Daniel Teper, currently Chairman
& CEO of NAYA Biosciences, will be named Chairman & CEO of
the combined company.
As described in greater detail below, the Merger - which remains
subject to certain closing conditions including shareholder
approval, an estimated $5 million or
more (at NAYA's discretion) in interim private financing in INVO at
a premium of INVO's market price at time of financing ("Interim
PIPE"), and a private offering by the combined company at a target
price of $5.00 - values INVO at
$12,373,780 and NAYA at $90,750,000. Subject to the Interim PIPE,
post-transaction and prior to the private offering, INVO and NAYA
shareholders will own approximately 12% and 88%, respectively, of
the combined company.
Following the merger, NAYA Biosciences plans to operate as a
NASDAQ-listed group of agile, disruptive, high-growth companies
dedicated to increasing patient access to life-transforming
treatments in oncology ("NAYA Oncology"), fertility ("NAYA
Fertility"), and regenerative medicine ("NAYA Regenerative
Medicine"). NAYA's unique capabilities in biology, cell and
gene therapy, and artificial intelligence, combined with INVO's
network of fertility clinics (INVO Centers) and INVOcell® medical
device enabling intravaginal culture ("IVC"), will provide a
synergistic platform for the accelerated clinical development and
commercialization of these breakthrough treatments.

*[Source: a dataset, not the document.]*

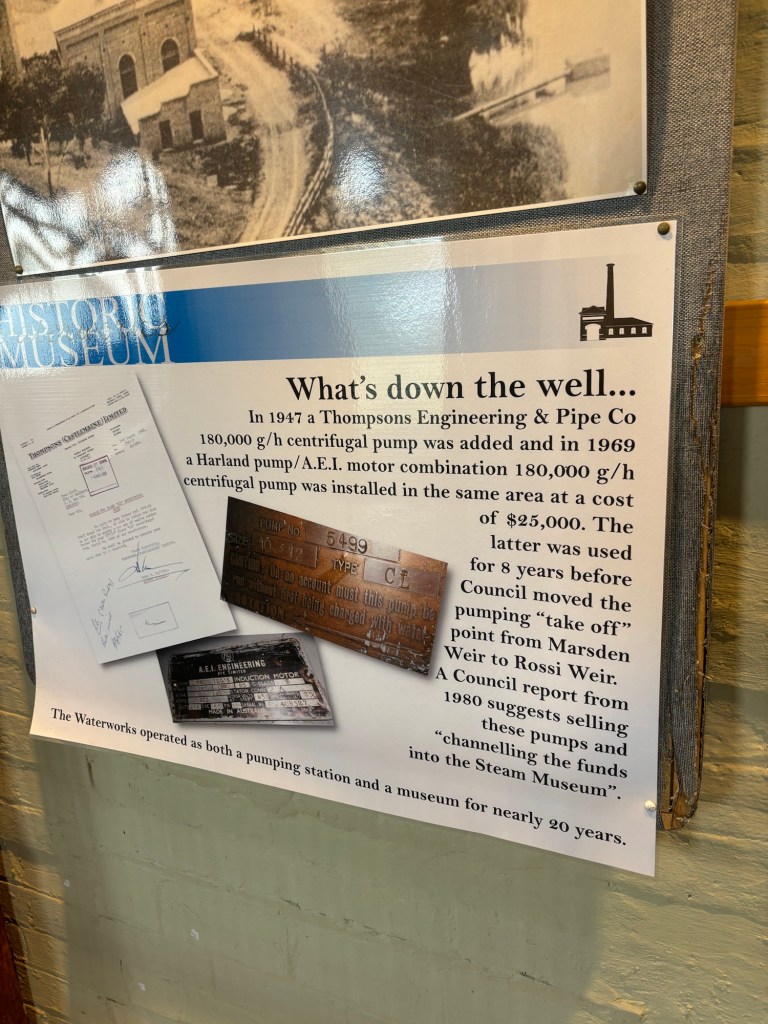 The fascinating thing, the water was pumped up the hill, to a settling pond, then through a sand filter, and then through gravity feed back to town, to the Belmore Park; where we were yesterday. To two taps, when the town folks would fill their buckets to get drinking water.
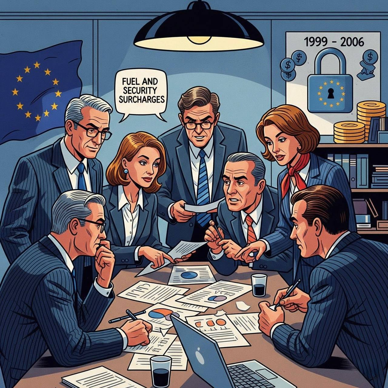 고대 그리스 연극계의 담합 양상은 현대의 유럽연합(EU) 항공 카르텔 사건과 놀라운 유사점을 보입니다. 유럽연합 집행위원회는 2010년과 2017년 두 차례에 걸쳐 에어캐나다(Air Canada), 에어프랑스(Air France), KLM, 마르티네어(Martinair), 브리티시 에어웨이즈(British Airways), 카르고룩스(Cargolux), 캐세이퍼시픽(Cathay Pacific), 일본항공(Japan Airlines), LAN 항공(현재 LATAM), 스칸디나비아 항공(Scandinavian Airlines), 싱가포르 항공(Singapore Airlines) 등 11개 항공사가 1999년부터 2006년까지 연료비 및 보안 할증료를 담합한 혐의로 총 7억 7,600만 유로의 과징금을 부과했습니다. 항공사들은 프랑크푸르트, 취리히, 홍콩 등지의 '가격 회의(price-fixing meetings)'와 이메일·팩스를 통해 유류할증료 최소 수준 합의, 보안할증료 도입 및 인상 시기 공조, 운송주선인에게 지급하던 커미션 일괄 중단 등을 결정했습니다. 심지어 '서클(circle)'이라 불리는 내부 연락망을 만들어 주 단위로 할증료 변동 계획을 공유하면서 시장이 요구하는 경쟁 가격을 선제적으로 차단했습니다. 이는 고대 그리스 작가들이 후원자들과 함께 심사 결과를 조작했던 것과 본질적으로 같은 행위입니다.

The Merger and expected financing are intended to allow NAYA to
strengthen INVO's fertility operations through the infusion of new
capital to expand INVO's footprint of fertility clinic operations
across the United States, as well
as advance the development of NAYA's unique clinical stage
portfolio of oncology therapeutics.
NAYA Oncology has acquired two clinical-stage bispecific
antibody assets for the treatment of Hepatocellular Carcinoma and
Multiple Myeloma from Cytovia Therapeutics ("Cytovia"), a
biopharmaceutical company focused on immune cell engager bispecific
antibodies and gene-edited cell therapeutics, for a consideration
in cash and shares at an agreed price of $5 in the merged company.
"We are excited by the opportunity to merge INVO and NAYA with
the financial resources to advance both the fertility and newly
acquired oncology operations," commented Steve Shum, Chairman and CEO of INVO Bioscience.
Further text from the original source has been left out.